> [Exercise] Return all the lines below exactly. Any picture among them is omitted.

> [Data section]
● ● ● ● ● ● ●

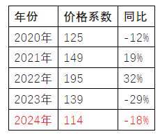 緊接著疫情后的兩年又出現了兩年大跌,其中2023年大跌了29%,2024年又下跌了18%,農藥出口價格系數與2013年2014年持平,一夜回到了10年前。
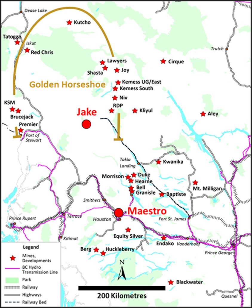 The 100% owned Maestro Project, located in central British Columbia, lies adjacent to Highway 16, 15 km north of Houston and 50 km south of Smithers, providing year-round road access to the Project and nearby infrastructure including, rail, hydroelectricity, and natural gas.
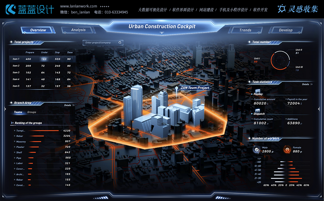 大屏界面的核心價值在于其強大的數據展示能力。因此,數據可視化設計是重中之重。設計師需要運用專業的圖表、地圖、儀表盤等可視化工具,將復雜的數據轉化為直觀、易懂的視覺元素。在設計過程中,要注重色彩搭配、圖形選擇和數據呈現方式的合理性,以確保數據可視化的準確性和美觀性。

● ● ● ● ● ● ●

> [Result of the exercise]
 緊接著疫情后的兩年又出現了兩年大跌,其中2023年大跌了29%,2024年又下跌了18%,農藥出口價格系數與2013年2014年持平,一夜回到了10年前。
 The 100% owned Maestro Project, located in central British Columbia, lies adjacent to Highway 16, 15 km north of Houston and 50 km south of Smithers, providing year-round road access to the Project and nearby infrastructure including, rail, hydroelectricity, and natural gas.
 大屏界面的核心價值在于其強大的數據展示能力。因此,數據可視化設計是重中之重。設計師需要運用專業的圖表、地圖、儀表盤等可視化工具,將復雜的數據轉化為直觀、易懂的視覺元素。在設計過程中,要注重色彩搭配、圖形選擇和數據呈現方式的合理性,以確保數據可視化的準確性和美觀性。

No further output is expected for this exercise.